SDV
SDV copied to clipboard
If there are many `NaNs`, conditional sampling sometimes fails (`GaussianCopulaSynthesizer`)
Environment Details
- SDV version: 1.2.1 (latest)
Error Description
Sometimes conditional sampling will fail with the GaussianCopulaSynthesizer, even though this is supposed to be very efficient. This occurs even if I remove all the constraints.
According to the docs, the Gaussian Copula is supposed to conditional sample directly by updating its mathematical formulas. There shouldn't be a reason why it would reject the created samples.
Root Cause
We identified the root cause to be the way we handle NaN values in numerical/datetime columns. If NaNs are possible in the conditioned columns and those columns are numerical/datetime, then there's a chance some sampled rows would get rejected.
- We forward transform the conditioned columns to fully numerical ones
- The Copula algorithm conditionally samples the remaining columns (directly using mathematical formulas). (Note that this step performs a matrix inversion, which can occasionally fail. Our exploration shows that it is not the leading cause of failure.)
- We reverse transform the output back into the original space
- We reject any rows that don't match the original conditions
The issues are in step 3 and 4:
- Step 3: The reverse transform can randomly add NaNs back in. (See FloatFormatter.) In this case, the conditioned column would no longer match the input.

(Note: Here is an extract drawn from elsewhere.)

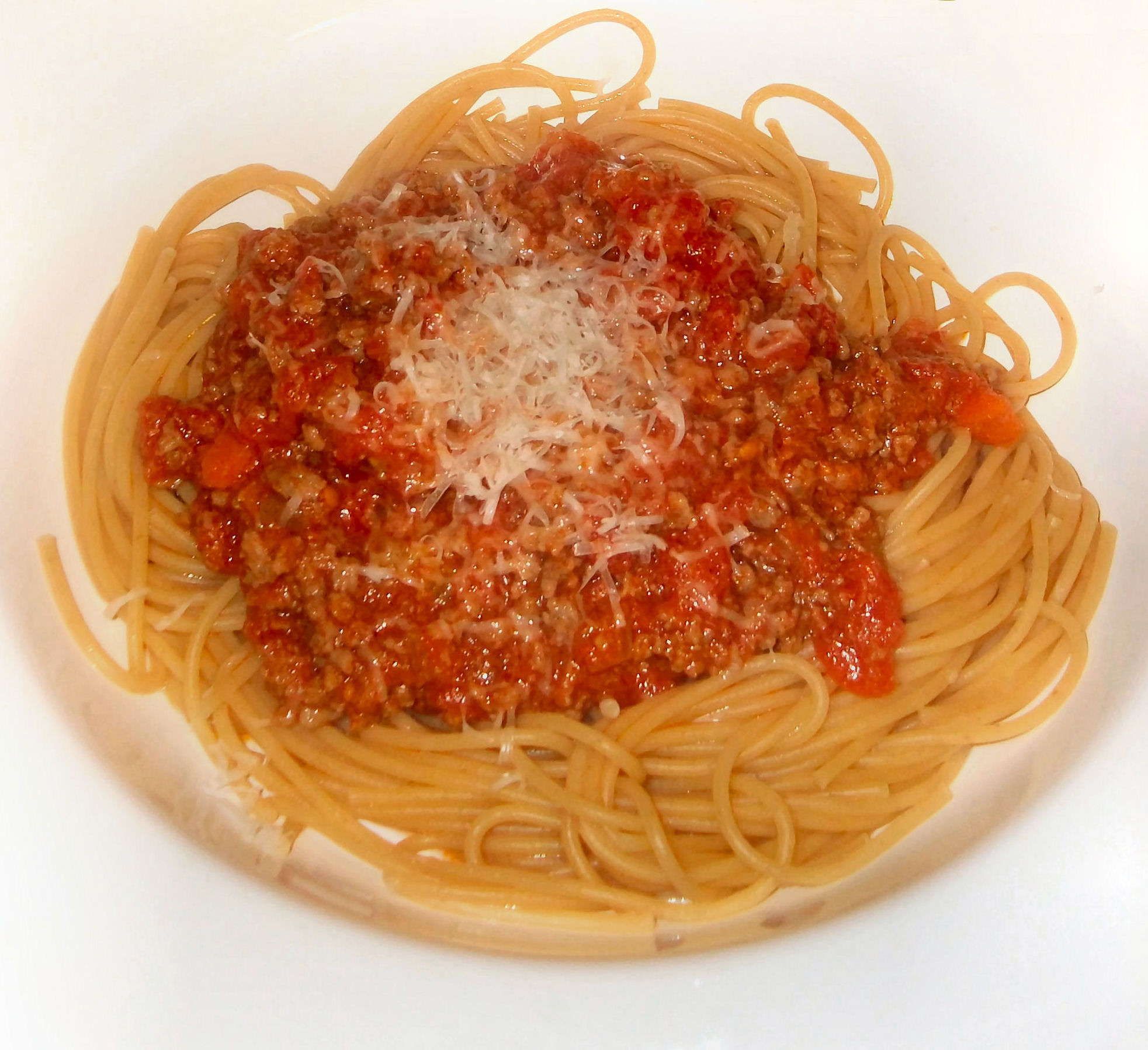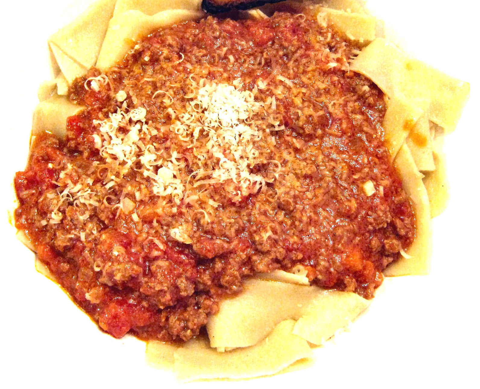 Turn the heat down to medium, add the milk and the nutmeg, and cook until the milk has evaporated. Stir frequently. When the milk has evaporated, add the tomatoes and stir thoroughly. When the tomatoes have started to bubble, turn the heat down until the sauce cooks at the laziest simmer, just an occasional bubble. Add tomato paste and/or vinegar to taste. Cook, uncovered, for a minimum of 3½ to 4 hours, stirring occasionally. Serve over spaghetti or fresh tagliatelle.

- Step 4: If there is a NaN value in the conditioned columns, then this comparison fails during reject sampling. So 0 rows would be returned. At the very least, we should be able to fix this step easily.
Note that currently, we do not support passing in NaN conditions though there is an existing feature request for it in #695.
Workaround
Until we can accommodate this feature request, a workaround would be to update the preprocessing of your numerical/datetime columns -- especially the ones that you want to conditionally sample on later. For example, assume your real data has many columns and you like to conditionally sample specific ages and start dates in the synthetic data.
age | start_date | amt | gender | browser |
---|---|---|---|---|
32 | 2023-02-03 | 15.60 | F | Chrome |
46 | NaN | 90.00 | M | Firefox |
NaN | 2023-10-30 | 18.21 | M | Safari |
Then you'd do the following when training your synthesizer:
from sdv.single_table import GaussianCopulaSynthesizer
from rdt.transformers.numerical import FloatFormatter
from rdt.transformers.datetime import UnixTimestampEncoder
# create a synthesizer as usual with your metadata
synth = GaussianCopulaSynthesizer(metadata)
# update the preprocessing for numerical and datetime columns
# to have missing_value_generation='from_column' (instead of random)
synth.auto_assign_transformers(data)
synth.update_transformers({
'age': FloatFormatter(missing_value_generation='from_column', learn_rounding_scheme=True, enforce_min_max_values=True, ),
'start_date': UnixTimestampEncoder(missing_value_generation='from_column', enforce_min_max_values=True, datetime_format='%Y-%m-%d')
})
# now continue fitting your synthesizer
synth.fit(data)
Now, conditional sampling from these columns should be easier.
from sdv.sampling import Condition
my_condition = Condition(
num_rows=250,
column_values={'age': '30', 'start_date': '2023-01-01'}
)
synth.sample_from_conditions([my_condition])
Note that your conditions cannot have NaN values (this feature is not currently supported).
Does this phenomenon also apply to CTGANSynthesizer?
Hi @limhasic this issue is only related to the GaussianCopulaSynthesizer because it is supposed to be very efficient at conditional sampling.
Any other type of synthesizer -- including CTGANSynthesizer -- it not as efficient for conditional sampling to begin with, and there is no promise of being able to deliver on all the conditions. If your project relies on conditional sampling, I'd strongly recommend using GaussianCopulaSynthesizer.
For more info, please check out our Troubleshooting page for conditional sampling. Thanks.